State v. Spann, 21992

Decision Date13 October 1983
Docket NumberNo. 21992,21992
Citation279 S.C. 399,308 S.E.2d 518
CourtSouth Carolina Supreme Court
PartiesThe STATE, Respondent, v. Sterling Barnett SPANN, Appellant.

David I. Bruck, and Asst. Appellate Defender Elizabeth C. Fullwood, of S.C. Com'n of Appellate Defense, Columbia, for appellant.

Atty. Gen. T. Travis Medlock and Retired Atty. Gen. Daniel R. McLeod, Asst. Atty. Gen. Harold M. Coombs, Jr., and Staff Atty. Carlisle Roberts, Jr., Columbia, and Sol. William L. Ferguson, York, for respondent.

HARWELL, Justice:

A jury in York County convicted appellant Sterling Barnette Spann of burglary, robbery, criminal sexual conduct in the first degree, and murder. The jury recommended a death sentence. This case consolidates Spann's direct appeal and mandatory review of the death sentence.

On September 14, 1981, an assailant entered the Clover home of Mrs. Melva Harper Neil and stole certain personal property, committed a sexual battery on the 82 year old widow, and killed her. Appellant was arrested and pleaded not guilty to the charges.

Appellant asserts that several errors justify reversal of the jury's finding of guilt and its recommendation of the death penalty. We disagree and affirm.

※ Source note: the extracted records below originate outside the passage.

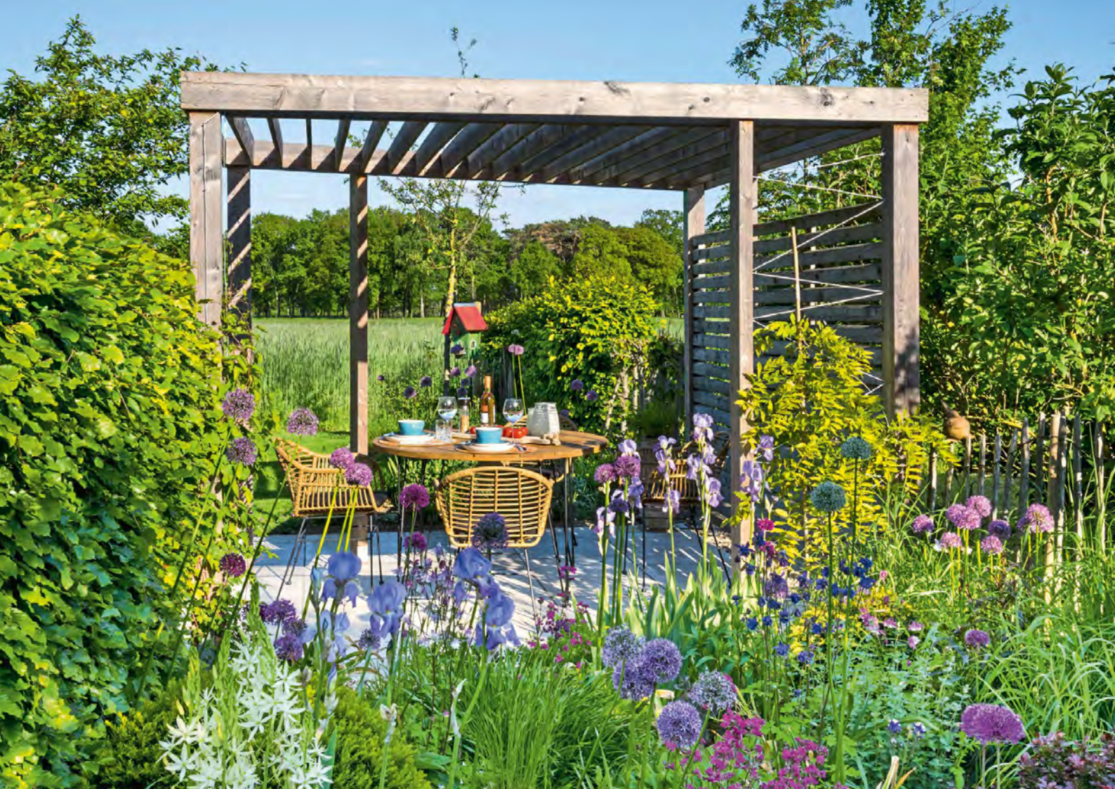
Als Essplatz mit Blick in die Landschaft und auf Zierlauch, Iris, Steppenlilie und Akelei lädt die Terrasse unter der Pergola ein.

„Es ist einfach ein ganz tolles Gefühl, auch mal mitten in den Pflanzen zu sitzen.“
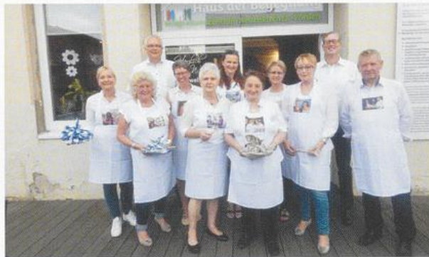
Das Kochteam freut sich über den großen Zuspruch und den anhaltenden Erfolg der länderbezogenen Kochabende.
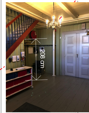
ILLUSTRASJON FORSLAG HEIS UNDER TRAPP
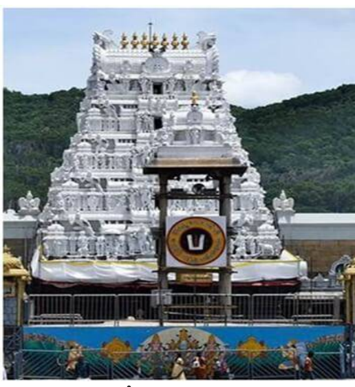
వారికి కఠిన శిక్ష వధేలా చూడాలని భక్తుల డిమాండ్ గా మారింది.
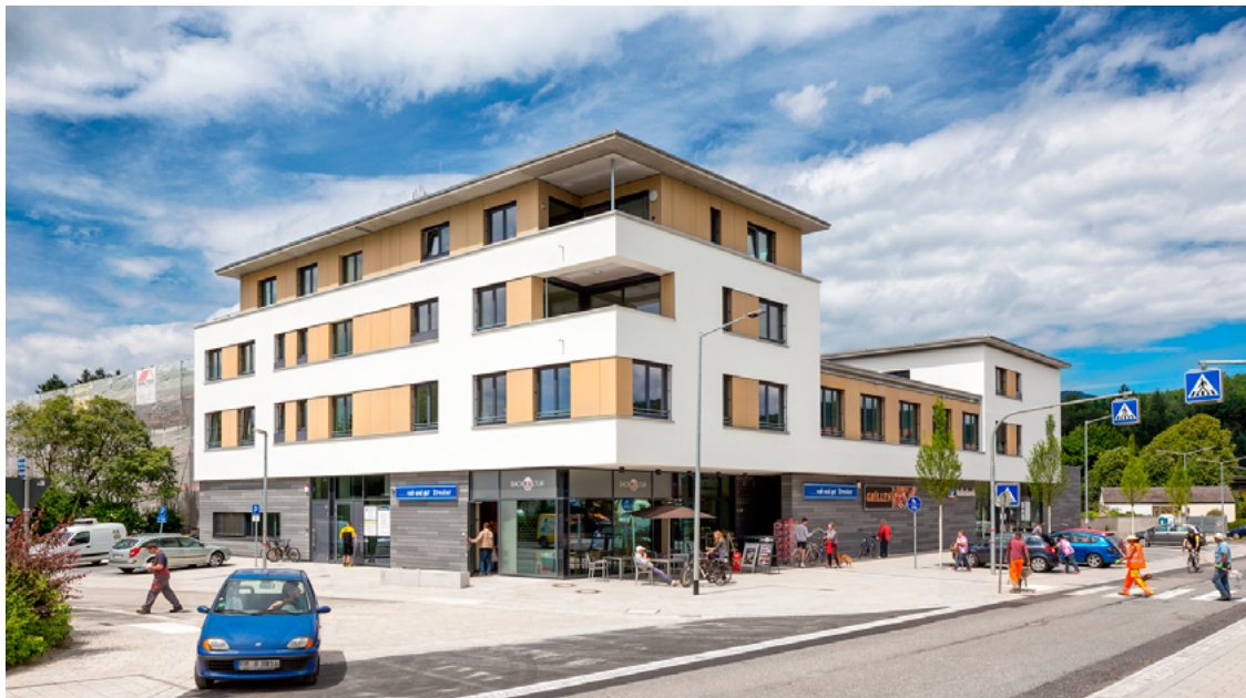
Das prämierte Gebäude.

Um die Baukultur in der Stadt und auf dem Land zu fördern und gleichermaßen das öffentliche Bewusstsein für gute Alltagsarchitektur zu schärfen, zeichnet die Architektenkammer Baden-Württemberg regelmäßig Bauherren und Architekten in den einzelnen Landkreisen und Städten aus. Das Wohn- und Geschäftshaus des Bauverein Breisgau in Stegen für „Beispielhaftes Bauen im Landkreis Breisgau-Hochschwarzwald 2005-2015“ ausgezeichnet. Überreicht wurden Auszeichnung durch Dr. Martin Barth, Stellvertreter der Schirmherrin, Landrätin Dorothea Störr-Ritter. Bauherr und Architekten erhielten Urkunden und eine Plakette für die Anbringung am Gebäude.
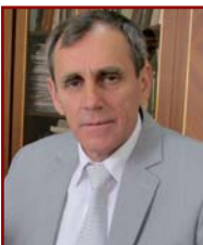
ЦЫДИК Владислав Станиславович, председатель Комитета государственного контроля Минской области
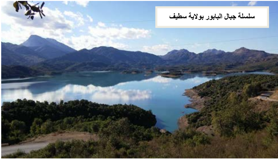
سلسلة جبال البابور بولاية سطيف
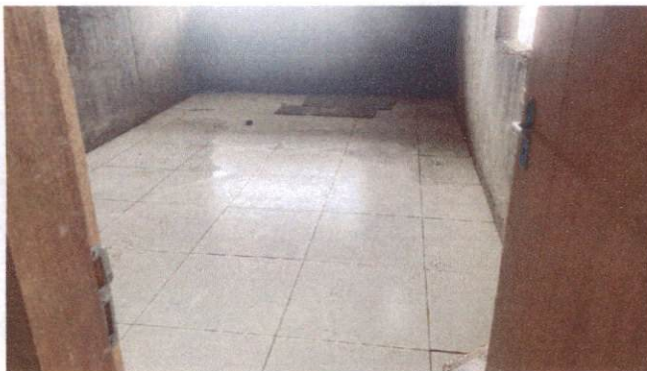
Foto 7: Aplicação de cerâmica na secretaria do Bloco A (Item 10.1.6)
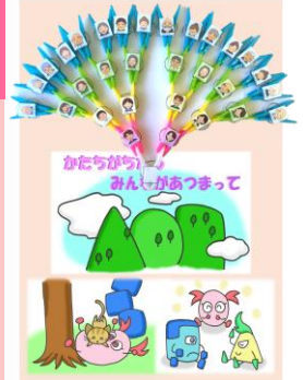
親子遊び ワークブック 制作：東海大学
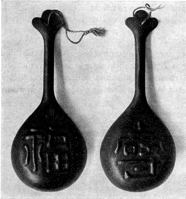
Abb. 2. Eiserne Handglocke (Myochin=Meister).

Diese einzelnen gewölbten Schiebepplatten laufen an glattgeschmiedeten Achsenknöpfen an den beiden seitlichen Mittelpunkten des Schädelbandstreifens. Sie sind vertikal unter sich verbunden durch feine, schmale Lederriemchen, die an gleichmässig abstehenden Ösen der Platten und des Schädelbandstreifens befestigt sind.
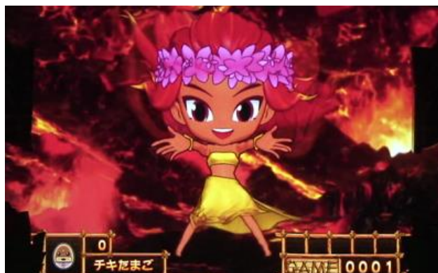
有三種不同的演出方式，發生時可期待特殊小役，上面右圖發生時為大好機
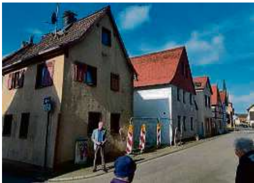
Franz Jirasek vor dem Haus in der Goethestraße 8 im Gespräch mit Anwohnerinnen.

KRIFTEL (red) – Das gemeindeeigene Grundstück in der Goethestraße 8 ist mit einem kleinen zweigeschossigen Wohngebäude bebaut, vermutlich aus der Mitte des 18. Jahrhunderts. Es liegt im historischen Ortszentrum der Gemeinde und ist als Kulturdenkmal in das Denkmalverzeichnis des Landes Hessen eingetragen. Bei einem Brand am 5. Juni 2023 wurde es beschädigt und steht momentan leer. „Wir möchten das Grundstück nun veräußern“, so der Erste Beigeordnete Franz Jirasek. Der Gemeindevorstand sei nach eingehender Prüfung zu der Erkenntnis gelangt, dass sich eine Sanierung des Gebäu-
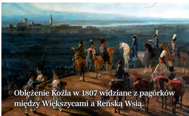
Oblężenie Koźła w 1807 widziane z pagórków między Więszycami a Reńską Wsią.

Cofnijmy się zatem o 220 lat. W Europie panowała wojna wywołana przez Napoleona, który złamał postanowienia pokoju ze Świętym Cesarstwem Rzymskim Narodu Niemieckiego. Cesarstwo składało się z wielu księstw i państweczek, takich jak Księstwo Bawarii czy Księstwo Hanoweru. Wojska francuskie przekroczyły granicę tego ostatniego, a księstwo hanowerskie było rządzone przez króla angielskiego i tak wybuchła wojna angielsko-francuska, która szybko objęła kolejne państwa. Austria przystąpiła do wojny 9.08.1805 r. ze względu na zagrożone interesy w północnych Włoszech, gdzie Napoleon ogłosił się królem nowoutworzonego przez siebie Królestwa Włoch. Mały Kapral, mając przeciwko sobie Anglię, Austrię, Prusy i Rosję, postanowił pozyskać nowych sojuszników wchodzących w skład I Rzeszy i zwrócił swoją uwagę na Księstwo Elektorskie Bawaria.
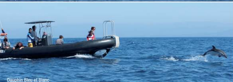
Dauphin Bleu et Blanc
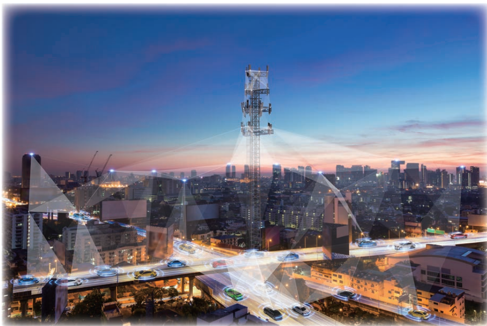
图 6 通信感知：融合通信的功能拓展

分辨率的图像，在完成环境重构的同时，实现厘米级的定位精度，从而实现构筑虚拟城市、智慧城市的愿景。基于无线信号构建的传感网络可以代替易受光和云层影响的激光雷达和摄像机，获得全天候的高传感分辨率和检测概率，实现通过感知来细分行人、自行车和婴儿车等周围环境物体。为实现机器人之间的协作、无接触手势操控、人体动作识别等应用，需要达到毫米级的方位感知精度，精确感知用户的运动状态，实现为用户提供高精度实时感知服务的目的。此外，环境污染源、空气含量监测和颗粒物（如PM2.5）成分分析等也可以通过更高频段的感知来实现。
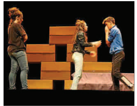
Una escena de la representación de 'Ho sento', en el Teatro Valle-Inclán, de Madrid.

Escola Teatre Educatiu de Mallorca ha estado durante una semana en Madrid participando en el campus de los Premios
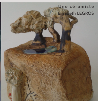
Une céramiste Élisabeth LEGROS
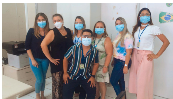
Outras imagens de trabalhos realizados pela equipe do NASST
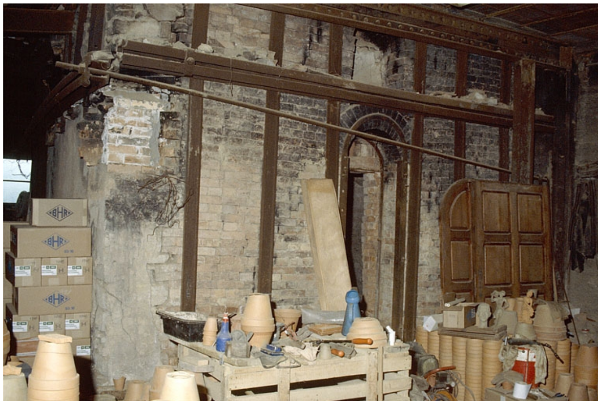
Four au bois à flamme directe (1).
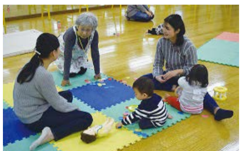
子育てサロンきらりりで、育児相談に乗る民生委員児童委員

子育て中の保護者を対象に、地域での仲間作りの場を提供し、充実した子育てを支援する子育てサロン。必要に応じて親に声を掛け、自身の経験を生かして、悩める保護者の相談役になります。
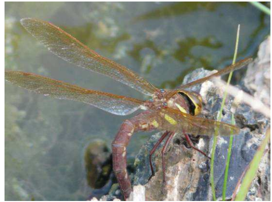
Aeschna grandis femelle en train de pondre
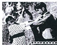
エノケンのガンバリ戦術

35mmフィルム上映で懐かしの映画の数々をお楽しみいただける映画会を、若葉文化ホールでも今秋、開催いたします!
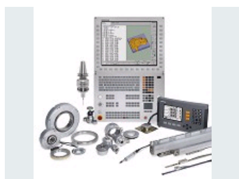
UNE GAMME GLOBALE POUR LA MESURE DE HAUTE PRÉCISION
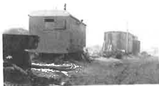
Na začátku byly dvě maringotky, v první kancelář, ve druhé materiál.
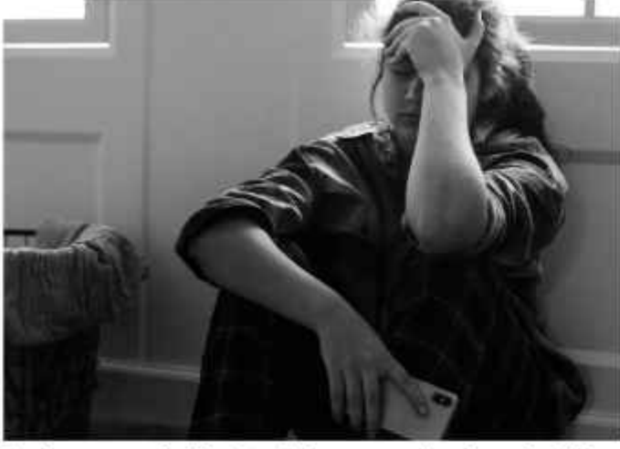
Anak yang menjadi korban kekerasan seksual membutuhkan intervensi secara berkala.
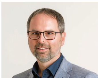
Andreas Magg (Erster Bürgermeister)
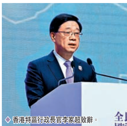
◆香港特區行政長官李家超致辭。

香港文匯報訊（記者 藍松山）香港特區維護國家安全委員會主席、特區行政長官李家超在「全民國家安全教育日2023」開幕典禮上的致辭表示，絕不能低估香港可能出現危害國家安全的風險，必須增強憂患意識，堅持底線思維，做到居安思危、未雨綢繆，隨時準備面對風高浪急的考驗。特區政府會盡早完成基本法第二十三條的立法工作，並正就規管網絡安全、虛假信息和單籌活動等積極進行研究，同時會致力防範化解重大經濟金融風險、完善監管，確保金融安全。
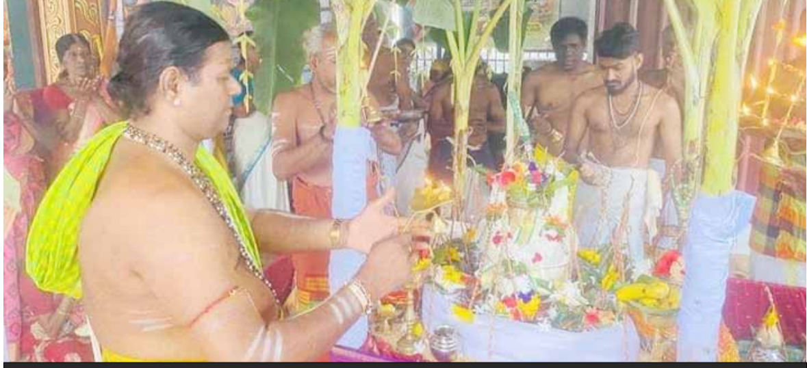
காரைதீவு விபுலானந்த சதுக்கத்தில் அமைந்துள்ள அரசு சிறி சித்தி விநாயகர் ஆலய கும்பாபிஷேக தின அஷ்டோத்திர சத சங்காபிஷேக பூசைபாற்குடபவனியுடன் சங்காபிஷேககுரு சிவசிறி சண்முக மகேஸ்வர குருக்கள் தலைமையில் நடைபெற்றது.

பெரிய நீலாவணை, மருதமுனை, சம்மாந்துறை பகுதிகளுக்கு போதைப்பொருட்களை விநியோகிக்கின்ற பிரதான வியாபாரி என பொலிஸார் குறிப்பிட்டனர். தொடர்ந்து கைதான சந்தேக நபரின் கல்முனை மற்றும் சாய்ந்தமருது பகுதியில் உள்ள வீடுகள் பொலிஸாரின் மோப்ப நாய்களின் உதவியுடன் சோதனைகள் பொலிஸாரினால் முன்னெடுக்கப்பட்டிருந்தன. குறித்த சோதனை நடவடிக்கையின்போது கல்முனை பகுதி செயலாளர் வீதியில் அமைந்துள்ள சந்தேக நபரின் சகோதரியின் வீடு மற்றும் சாய்ந்தமருது பகுதியில் உள்ள சந்தேக நபரின் வீடும் பொலிஸ் குழுக்களினால் சோதனைக்குள் ளாக்கப்பட்டது. இதன்போது ஒரு தொகுதி போதைப்பொருட்கள் 2 அதிநவீன ஸ்கானர்கள், சி.சி.வி, டிவீஆர் உபகரணம் பதிவு செய்யப்படாத ட்ரோன் பறக்கும் சாதனம் உள்ளிட்டவைகள் பொலிஸாரினால் மீட்கப்பட்டன. குறித்த வீட்டில் இருந்த சந்தேக நபரின் சகோதரியான 40 வயது மதிக்கத்தக்க பெண் ஒருவரும் கல்முனை தலைமையக பொலிஸாரினால் கைது செய்யப்பட்டு விசாரணைக்காக அழைத்துச் செல்லப்பட்டார். (அ)

Appellant first asserts error in the voir dire process. Prior to trial, he moved to prohibit questioning of members of the jury venire concerning their beliefs about capital punishment. His position was that this inquiry would not result in a jury representing a cross-section of the community. This court resolved that issue contrary to the appellant's position in State v. Goolsby, 275 S.C. 110, 268 S.E.2d 31 (1980), cert. denied, 449 U.S. 1037, 101 S.Ct. 616, 66 L.Ed.2d 500 (1980). When a potential juror is prevented from rendering an impartial decision or voting for the death penalty, the trial court can exclude him because of his inability to carry out his duty under the law. State v. Hyman, 276 S.C. 559, 281 S.E.2d 209 (1981), cert. denied, 458 U.S. 1122, 102 S.Ct. 3510, 73 L.Ed.2d 1384 (1982).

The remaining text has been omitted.